# Recorded information

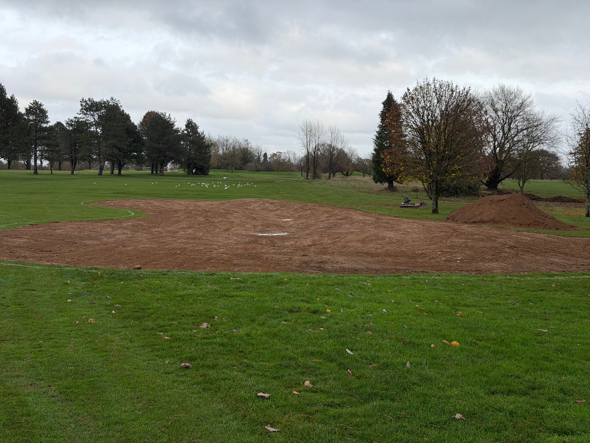Work on the 6th hole continues at a steady pace. In the mid-fairway area, the team is grassing and contouring the bunkers on the left and constructing a new bunker on the right. Around the green, work includes grassing and contouring the right-hand bunker and enhancing the one on the left.
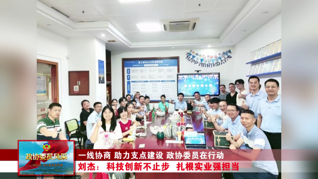 一线协商,助力支点建设,政协委员在行动。观众朋友您好,欢迎收看今天的政协委员风采栏目。民营企业长成“参天大树”,离不开自身的奋力拼搏。在粤经济高质量发展的道路上,有一个执着奋进的身影,他就是县政协委员、深圳富士泰科电子有限公司总经理刘杰。多年来,他以“诚信经营,客户至上”的坚定信念,在企业创新与政协履职的双舞台上,书写着属于自己的精彩篇章,为孝昌的崛起发展添砖加瓦。今天的政协委员栏目让我们一起走进《刘杰:科技创新不止步 扎根实业强担当》。
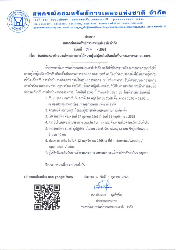 ประกาศฉบับที่ 014 / 2568  เรื่อง  รับสมัครสมาชิกอบรมโครงการการให้ความรู้แก่ผู้สนใจเลือกตั้งเป็นกรรมการของ สอ.กคช. ประจำปี 2568

# Exercise description
Only the pictures are dropped. Otherwise, write out the listing exactly.

# Response area
Work on the 6th hole continues at a steady pace. In the mid-fairway area, the team is grassing and contouring the bunkers on the left and constructing a new bunker on the right. Around the green, work includes grassing and contouring the right-hand bunker and enhancing the one on the left.
 一线协商,助力支点建设,政协委员在行动。观众朋友您好,欢迎收看今天的政协委员风采栏目。民营企业长成“参天大树”,离不开自身的奋力拼搏。在粤经济高质量发展的道路上,有一个执着奋进的身影,他就是县政协委员、深圳富士泰科电子有限公司总经理刘杰。多年来,他以“诚信经营,客户至上”的坚定信念,在企业创新与政协履职的双舞台上,书写着属于自己的精彩篇章,为孝昌的崛起发展添砖加瓦。今天的政协委员栏目让我们一起走进《刘杰:科技创新不止步 扎根实业强担当》。
 ประกาศฉบับที่ 014 / 2568  เรื่อง  รับสมัครสมาชิกอบรมโครงการการให้ความรู้แก่ผู้สนใจเลือกตั้งเป็นกรรมการของ สอ.กคช. ประจำปี 2568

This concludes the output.